Balakot aftermath: It is now for other nations to react

There has been a raging controversy about India’s air strike on Balakot.

Published: 07th April 2019 05:00 AM  |   Last Updated: 07th April 2019 08:35 AM   |  A+A-

There has been a raging controversy about India’s air strike on Balakot. It is important to analyse the diplomatic implications of the attack, on what was indisputably a major centre for training and ideologically motivating members of the Jaish-e-Mohammed. Pakistan’s assertions that the attack caused no damage have been contradicted by the fact that no outsider has been allowed near the Balakot buildings. More importantly, the attack has triggered widespread international attention and support for India, which has embarrassed not just Pakistan, but also its “all-weather friend”, China.

China has invariably shown a remarkable ability to get its way in Multilateral International Forums. It uses its position as a Permanent Member of the United Nations Security Council to ensure that it is not seen to be isolated, or obstructive, on issues of global concern. On February 14, however, Beijing found that it had to use its veto power to prevent approval of a resolution sponsored by the US, UK, France and Germany to declare Maulana Masood Azhar, the leader of the JeM, an ‘International Terrorist’. The Security Council had declared the JeM a ‘Global Terrorist Organisation’ in 2001. While not sponsoring the resolution, Russia nevertheless, backed it. 

With 14 of the 15 members of the Council backing the resolution, China found itself in splendid isolation. The Chinese argued they needed further discussion on the subject, even after they exercised their fourth veto since 2016, to protect Azhar. China’s actions have had unexpected consequences. Nobody outside Pakistan and China voiced any serious doubts about Azhar being an international terrorist. A former Director General of the ISI, Lt Gen Javed Ashraf Qazi, publicly held the JeM responsible for the December 2001 attack on the Indian Parliament and for attempts to assassinate General Pervez Musharraf. 
The US, France and the UK have now moved for a public discussion in the Security Council on Azhar’s role as an international terrorist. US Secretary of State Mike Pompeo has alleged that China has detained more than one million Uighurs, Kazakhs, and other Muslim minorities in internment camps in Xinjiang, since April 2017. Pompeo noted: “The world cannot afford China’s shameful hypocrisy towards Muslims. On one hand, China abuses more than a million Muslims at home, and on the other it protects violent Islamic terrorist groups from sanctions.”

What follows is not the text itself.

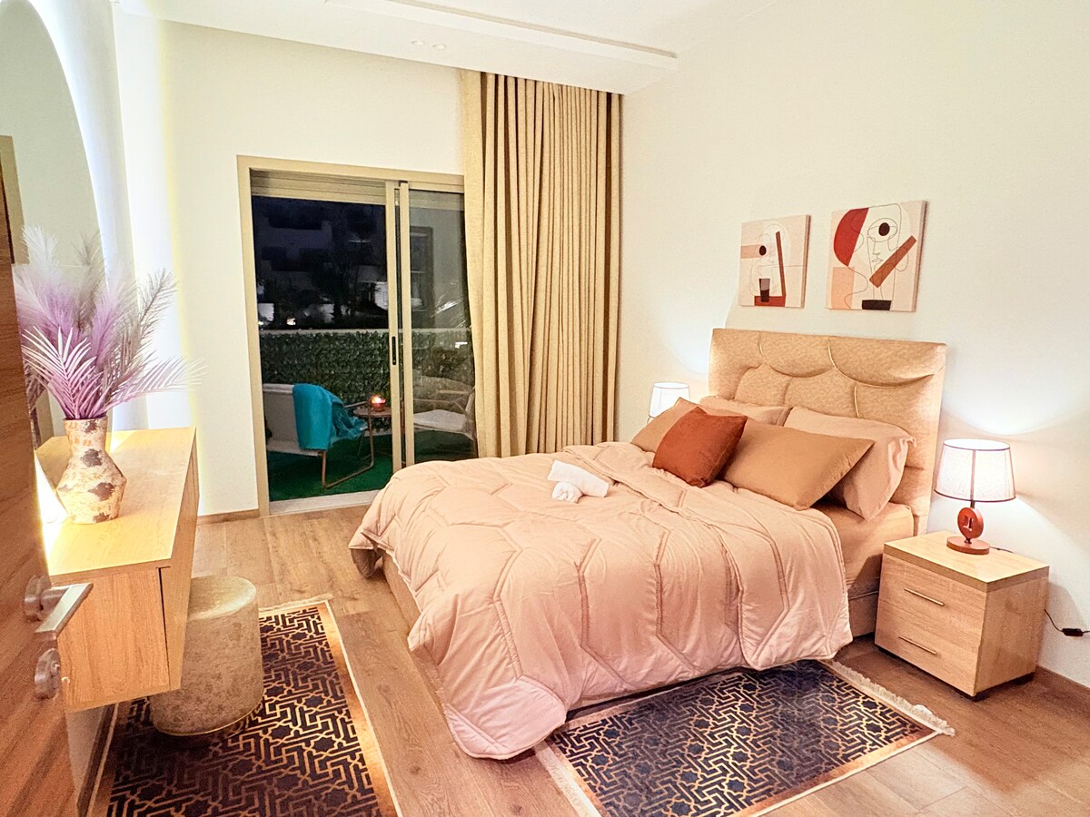 Welcome to this beautiful apartment located in Casablanca’s New Medina, near Habous. Enjoy a refined, thoughtfully designed space with a bright balcony, elegant décor, and modern amenities—ideal for a comfortable stay. A fully equipped kitchen and secure parking ensure convenience and peace of mind. A calm and contemporary retreat where every detail has been carefully considered to make your stay unforgettable.

These actions in the UN Security Council are going to have far-reaching implications in the UN Human Rights Council and in the Islamic World. How will 53 Islamic countries including Iran, Saudi Arabia and Pakistan, which have turned a blind eye to Chinese atrocities against Muslims, react? How will Russia, China’s strongest supporter in global affairs, respond? Will global pressures lead to gradual change in China’s policies of active defence of Pakistan-sponsored terrorist groups? Will the Taliban turn a blind eye to China’s persecution of Muslims, given Beijing’s own ties with the Taliban? Finally, will India continue its present policies of soft-peddling the adverse impact of China’s terrorist-friendly policies?